I made a small application that contains multiple texture compressors (all used in “library” form instead of standalone compressor executables, to only measure compression performance that would not include file I/O), and gathered a bunch of textures from various Unity projects (a mix of everything: albedo maps, normal maps, sprites, UI textures, skyboxes, VFX textures, roughness maps, ambient occlusion maps, lightmaps etc.).

The application loads uncompressed image, compresses it into different formats using different compression libraries and their settings, and evaluates both performance (in terms of Mpix/s) and quality (in terms of Luma-PSNR). Now, “how to evaluate quality” is a very wide and complicated topic (PSNR, SSIM, Luma-PSNR, other approaches, etc.). Just this automated “compute one number” is often not enough to capture some of typical block compression artifacts, but for simplicity sake I’ve settled on Luma-PSNR here. For the compressors, I’ve asked them to do “perceptual” error metric mode, when that is available.

For normal maps I actually do “compute some lighting” on them (both uncompressed and compressed+decompressed), and evaluate Luma-PSNR on the result.

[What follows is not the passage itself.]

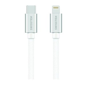 SWISSTEN USB-C 2.0 na Lightning 1,2 m; Kabel s kvalitním textilním opletením vhodný pro připojení zařízení s konektorem Apple Lightning k počítači s konektorem USB-C.

In my experience this better captures “effective quality” of lossy normal map compression. Additionally, all the normal maps are passed with a (Y,Y,Y,X) (aka “DXT5nm”) swizzle into the compressors, with assumption that X & Y channels being mostly uncorrelated, the compressor will be able to capture that better by having one of them in RGB, and another one in Alpha. For compressors that have special “normal map” compression mode, that is used too.


1) Raw normal map; 2) “computed lighting” on the normal map used to evaluate compression quality; 3) compressed to ASTC 4x4 with ARM astcenc “medium” setting; 4) compressed to ASTC 6x6 with ARM astcenc “very fast” setting; 5) compressed to ETC2 with ETCPACK “slow” setting.

I have not tested all the block compression formats out there (e.g. BC6H as ASTC HDR for HDR content, or ETC, or some ASTC variants), and definitely have not tested all the compression libraries (some are not publicly available, some I haven’t been able to build easily, some I’m probably not even aware of, etc.).

For the ones I have tested, I compiled them with up to AVX2 (including BMI, FMA and POPCNT) instruction set options where applicable.

Everything compiled with Xcode 11.7 (Apple clang version 11.0.3), running on 2018 MacBook Pro (Core i9 2.9GHz, 6 core / 12 thread). Multi-threading was used in a simple way, to split up the image into separate chunks and compress each on their own thread. Timings on a Windows box with different hardware (AMD ThreadRipper 1950X) and different compiler (Visual Studio 2019) were more or less similar.

Formats overview

Here’s a cleaner version of the first chart (click for an interactive page):

Points on the scatter plot are average across the whole test texture set compression performance (horizontal axis, Mpix/s, note logarithmic scale!) against resulting image quality (Luma-PSNR, higher values are better). Best possible results would be towards upper right corner (great quality, fast compression performance).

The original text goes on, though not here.